Aleksandr Khrapkovsky

Personal information
- Full name: Aleksandr Valeryevich Khrapkovsky
- Date of birth: 12 March 1975 (age 51)
- Place of birth: Minsk, Belarusian SSR
- Height: 1.85 m (6 ft 1 in)
- Position: Defender

Team information
- Current team: Naftan Novopolotsk (manager)

Senior career*
- Years: Team / Apps / (Gls)
- 1992–1995: Stroitel Starye Dorogi / 23 / (2)
- 1995–1996: Dinamo-Juni Minsk / 31 / (3)
- 1997–2002: Dinamo Minsk / 125 / (15)
- 2002–2004: Sokol Saratov / 65 / (2)
- 2004: Shakhtyor Soligorsk / 15 / (0)
- 2005–2006: Ural Yekaterinburg / 35 / (0)
- 2006: Salyut-Energiya Belgorod / 21 / (1)
- 2007: Shakhtyor Soligorsk / 9 / (0)
- 2007–2009: Smorgon / 56 / (0)

International career
- 1996–1997: Belarus U21 / 10 / (1)
- 2002–2004: Belarus / 11 / (0)

Managerial career
- 2010–2012: Belarus U21 (assistant)
- 2012–2016: Belarus (analyst)
- 2021–2023: Dinamo Brest (assistant)
- 2022: Dinamo Brest (caretaker)
- 2023–2025: Molodechno
- 2026: Volna Pinsk (assistant)
- 2026–: Naftan Novopolotsk

= Aleksandr Khrapkovsky =

Belarusian footballer

Aleksandr Valeryevich Khrapkovsky (Аляксандр Валер'евіч Храпкоўскі; Александр Валерьевич Храпковский; born 12 March 1975) is a Belarusian professional football coach and former player.
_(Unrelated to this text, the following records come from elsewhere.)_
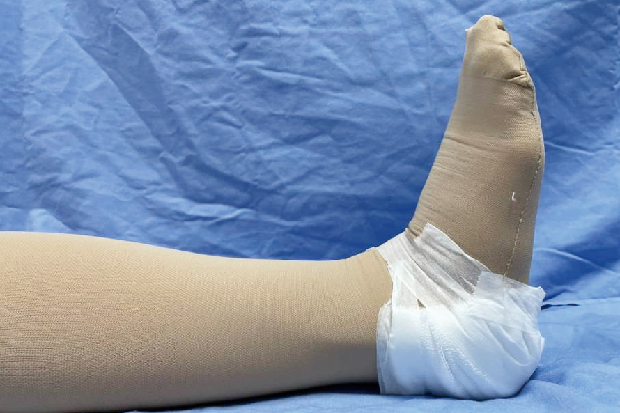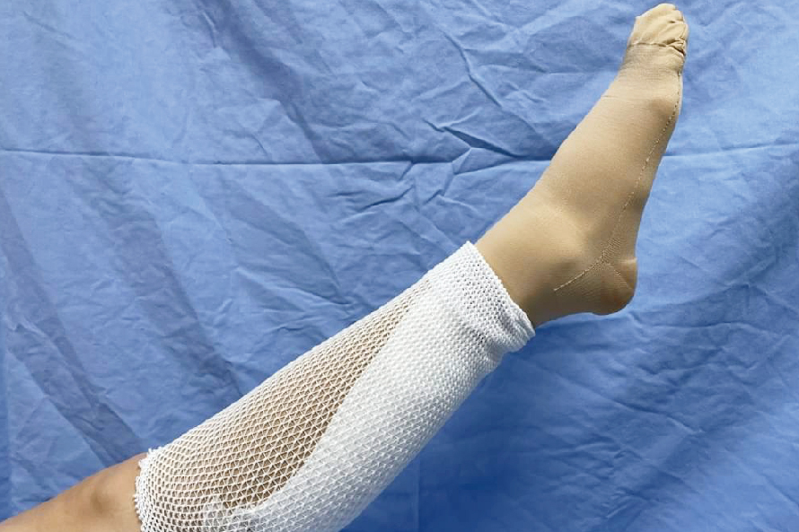 運動:膝關節後側或小腿有傷口,平躺時,做伸展的動作(圖23)。膝關節前側有傷口,平躺時,膝關節做彎曲,往身體方向的動作 (圖24)。俯臥時,小腿與足做往臀部方向的動作(圖25)。
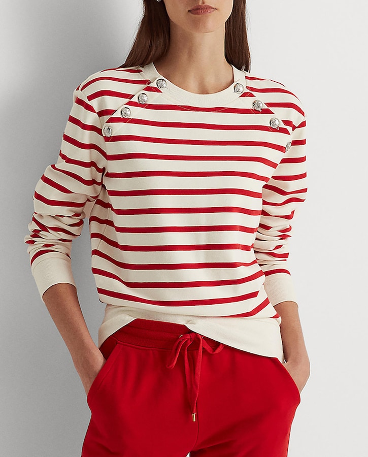 Sudadera de mujer de rayas con ribete de botones
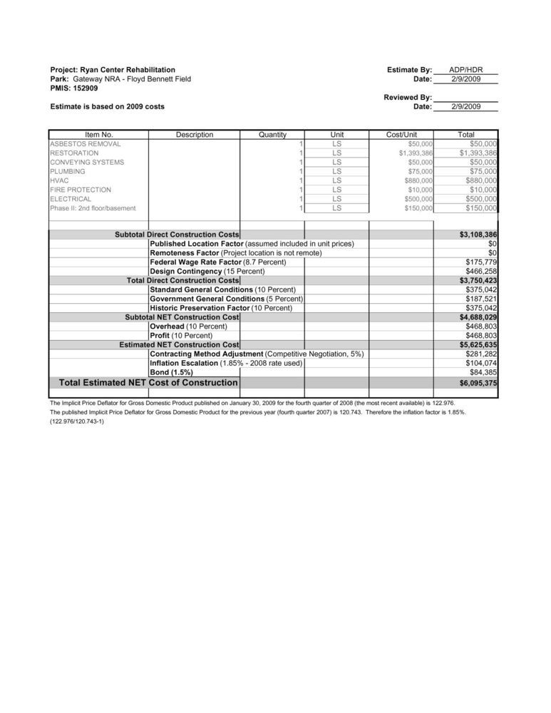 Class C Estimate Ryan Center Phase 2
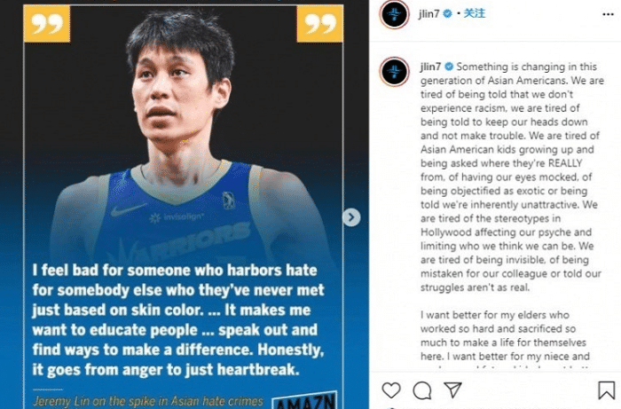 24直播网3月5日讯 近期林书豪吸引了不少人的关注,除了他在赛场上复出之后有不俗表现之外,林书豪在场外的言论也被各界重视,他谈到了在赛场上被对手侮辱是“新冠”,发展联盟也已经宣布要进行调查,还有亚裔被歧视的话题被重新提起,引发了很高的关注度,甚至在社交媒体上也一度登上热搜前列。林书豪是明星级别的球员,这样的事情发生在他的身上就更令人气愤了。

He represented Belarus in international competition, playing for the national team between 2002 and 2004 and appearing in UEFA Euro 2004 qualification.

==Career==
As a youth player, Khrapkovsky played for Dynamo SDYUSHOR-3.

After leaving Dinamo Minsk, Khrapkovsky played for Sokol Saratov.